Trump settles lawsuit with protesters who allege his security guards assaulted them

Updated
John Angelillo

Former President Donald Trump reached a settlement Wednesday with a group of protesters who alleged in a lawsuit that his security guards assaulted them outside Trump Tower in 2015, lawyers for both sides said.

The attorneys didn’t disclose details of the terms of the settlement, which came as the case was in the middle of jury selection.

An attorney for the protesters, Benjamin Dictor, called it "an incredible day for our clients, who are lifelong activists in the community … who stood up to defend the right to speech on the public sidewalk and have litigated for seven years."

"And today, the matter was resolved on terms that they are very, very happy with," he said.

In a joint statement provided by Dictor and signed by the plaintiffs and Trump’s attorney, Alina Habba, the parties agreed they have settled the case and will dismiss it. They also agreed "that the plaintiffs in the action, and all people, have a right to engage in peaceful protest on public sidewalks," the statement said.

Habba said in a separate statement: “Although we were eager to proceed to trial to demonstrate the frivolousness of this case, the parties were ultimately able to come to an amicable resolution. We are very pleased with this outcome and are happy to finally put this matter to rest once and for all.”

The suit stems from an incident in September 2015, when a group protesting Trump’s comments about Mexican immigrants when he was a candidate for president allege Trump’s security guards assaulted them on the sidewalk outside Trump’s Fifth Avenue building. The suit claims Trump’s head of security punched one of the protesters in the head as he tried to wrest away his “Make America racist again” sign.

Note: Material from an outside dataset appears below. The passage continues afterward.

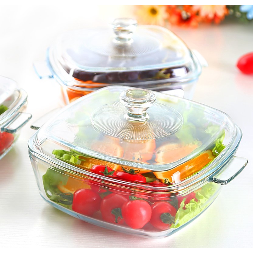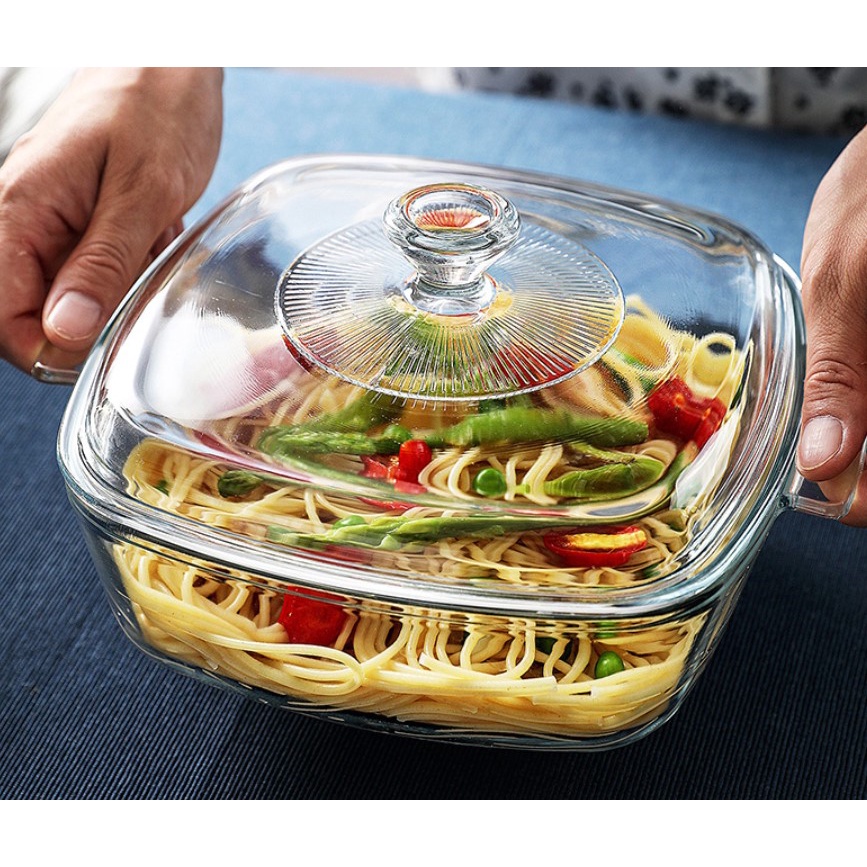 Ready Stock! Transparent Glass Pot with Lid Microwave Friendly Tempered Glass Thick Pot Dish Pot 0.8/ 1.2/ 1.5L

The protesters sued Trump, his company, his campaign and the guards, alleging they had disrupted their “peaceful and lawful assembly.”

In a February 2016 affidavit, Trump said he shouldn’t have to be deposed because he didn’t know anything about the skirmish and hadn’t been involved in hiring security.

“Given the breadth and scope of the business, I have delegated full responsibility and authority for the hiring and supervision of all security personnel and related security operations to Matthew Calamari,” the Trump Organization’s executive vice president and chief operating officer, Trump said.

Attorneys for the protesters contended that Trump was responsible for his employees’ actions, and the judge ordered him to sit for a deposition, saying his testimony was “indispensable.”

Trump sat for a videotaped deposition in October of last year, which was to have been used as his trial testimony. In the deposition, parts of which were made public in a court filing, Trump said he “didn’t know about” the altercation between the protesters and his then-bodyguard Keith Schiller until the next day.

Trump defended Schiller’s actions, according to the transcript.

“He did nothing wrong. He went out — I didn’t know about it. But he went out, he heard there was a disturbance, and he went out. And he took a 50 cent sign down that was racist. He sees people dressed as Ku Klux Klansmen or whatever. People were probably complaining,” Trump said.

Trump’s former lawyer Michael Cohen disputed Trump's contention that he was in the dark about what his security officers were doing in his own videotaped deposition in May. Cohen testified that he witnessed Trump directing Schiller to “get rid of” the protesters and that Schiller later returned to Trump’s office with a sign he had taken from them, court filings show. That testimony was also going to be played for the jury in the now-canceled trial.